Given material.
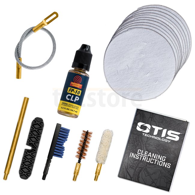 Kit de nettoyage de pistolet essentiel Otis compact pour pistolets .45cal. Fabriqué aux USA, rangé dans un étui rigide de 22x13x4cm. Inclut 10x tampons en coton de 3 pouces, Patch saver®, une brosse, un embout fendu, une brosse de calibre .45cal et une mo
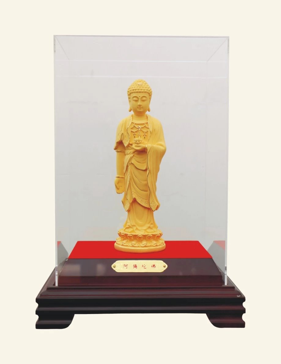 宝像内部由紫铜铸造,表面采用沙金工艺,经多道工序精工制作而成。
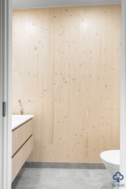 - Lattia vinyyliä, seinät CLT/ levyseinät maalattu.
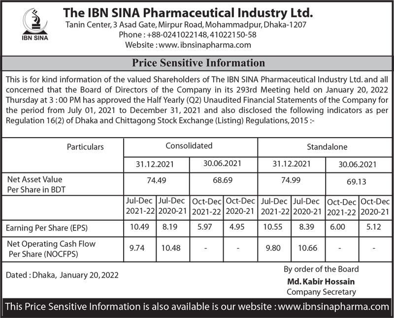 Price Sensitive Information of The IBN SINA Pharmaceutical Industry Ltd.

What the exercise asks.
Could you retype every line above exactly as it appears, skipping the pictures?

Exercise output.
 Kit de nettoyage de pistolet essentiel Otis compact pour pistolets .45cal. Fabriqué aux USA, rangé dans un étui rigide de 22x13x4cm. Inclut 10x tampons en coton de 3 pouces, Patch saver®, une brosse, un embout fendu, une brosse de calibre .45cal et une mo
 宝像内部由紫铜铸造,表面采用沙金工艺,经多道工序精工制作而成。
 - Lattia vinyyliä, seinät CLT/ levyseinät maalattu.
 Price Sensitive Information of The IBN SINA Pharmaceutical Industry Ltd.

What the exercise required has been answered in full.